### RECORDS PROVIDED ###

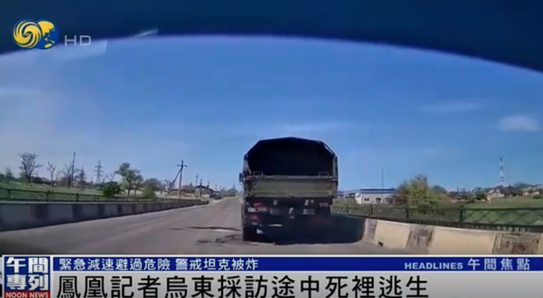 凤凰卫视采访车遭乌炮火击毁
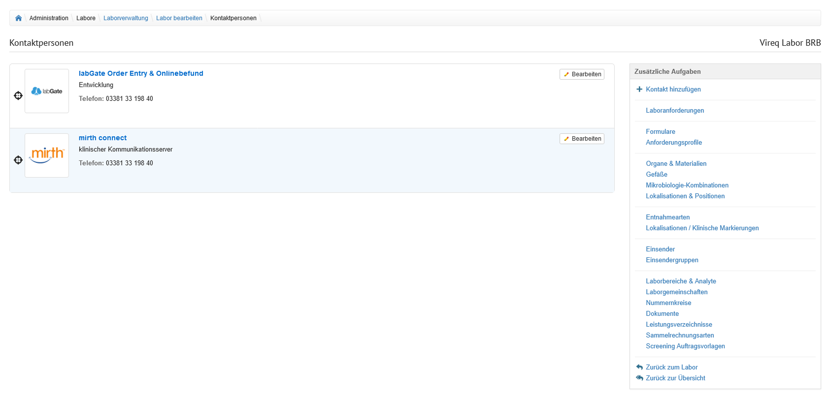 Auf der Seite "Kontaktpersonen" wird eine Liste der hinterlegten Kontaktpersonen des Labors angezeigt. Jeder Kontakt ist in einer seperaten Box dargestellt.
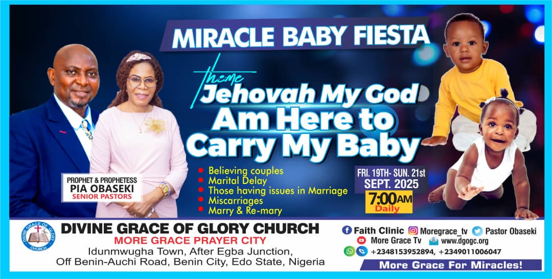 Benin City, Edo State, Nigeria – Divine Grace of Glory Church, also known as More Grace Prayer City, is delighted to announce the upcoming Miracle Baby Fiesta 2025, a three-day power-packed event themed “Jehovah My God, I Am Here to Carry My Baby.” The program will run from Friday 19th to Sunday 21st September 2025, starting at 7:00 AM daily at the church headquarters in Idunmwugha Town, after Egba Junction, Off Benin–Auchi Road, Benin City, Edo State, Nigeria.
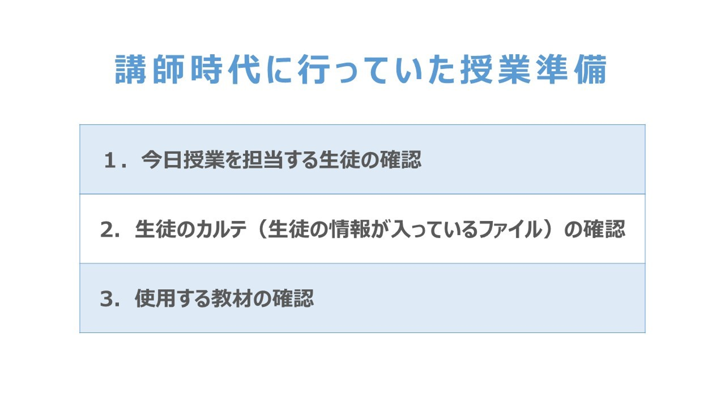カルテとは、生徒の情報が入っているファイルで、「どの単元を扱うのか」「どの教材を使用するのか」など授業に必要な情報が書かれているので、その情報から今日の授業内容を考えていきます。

###
### RECORDS PROVIDED ###

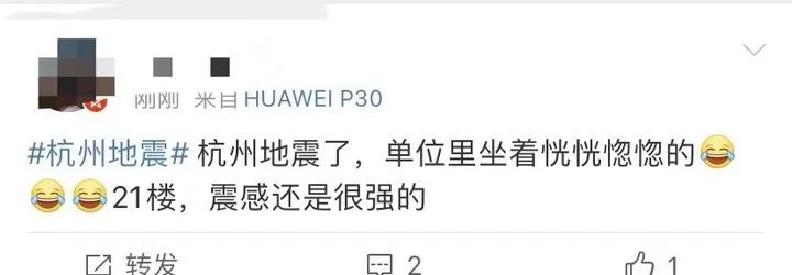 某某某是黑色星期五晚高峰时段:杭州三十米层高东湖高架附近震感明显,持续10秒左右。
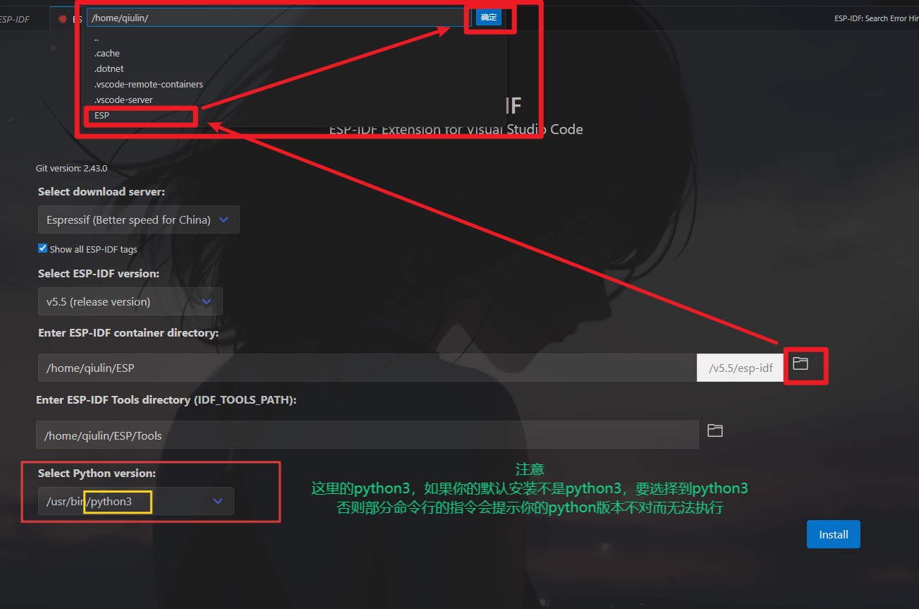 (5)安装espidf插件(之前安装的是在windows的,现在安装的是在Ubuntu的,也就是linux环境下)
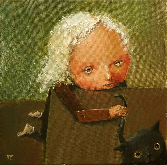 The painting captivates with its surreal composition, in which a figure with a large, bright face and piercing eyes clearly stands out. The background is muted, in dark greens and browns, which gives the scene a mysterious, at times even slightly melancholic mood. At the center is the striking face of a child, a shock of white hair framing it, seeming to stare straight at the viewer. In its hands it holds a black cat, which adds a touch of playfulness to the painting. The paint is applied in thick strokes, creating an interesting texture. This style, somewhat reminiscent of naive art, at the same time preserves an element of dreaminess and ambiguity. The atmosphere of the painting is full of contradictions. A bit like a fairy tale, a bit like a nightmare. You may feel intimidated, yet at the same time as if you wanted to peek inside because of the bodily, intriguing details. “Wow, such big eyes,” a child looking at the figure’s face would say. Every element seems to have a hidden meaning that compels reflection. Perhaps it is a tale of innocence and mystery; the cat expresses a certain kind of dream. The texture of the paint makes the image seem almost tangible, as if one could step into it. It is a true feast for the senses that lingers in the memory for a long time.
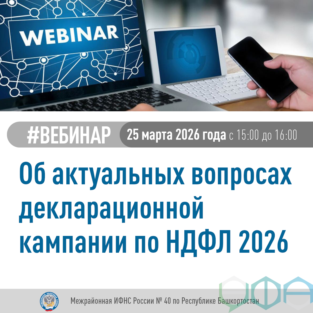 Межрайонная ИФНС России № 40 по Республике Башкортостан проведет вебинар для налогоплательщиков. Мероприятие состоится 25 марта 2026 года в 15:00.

###

[PROBLEM] Within these entries, output exactly the lines starting at the one with "凤凰卫视采访车遭乌炮火击毁" and finishing at the one with "Auf der Seite". Leave pictures out of the output.

[SOLUTION TO THIS TASK]
 凤凰卫视采访车遭乌炮火击毁
 Auf der Seite "Kontaktpersonen" wird eine Liste der hinterlegten Kontaktpersonen des Labors angezeigt. Jeder Kontakt ist in einer seperaten Box dargestellt.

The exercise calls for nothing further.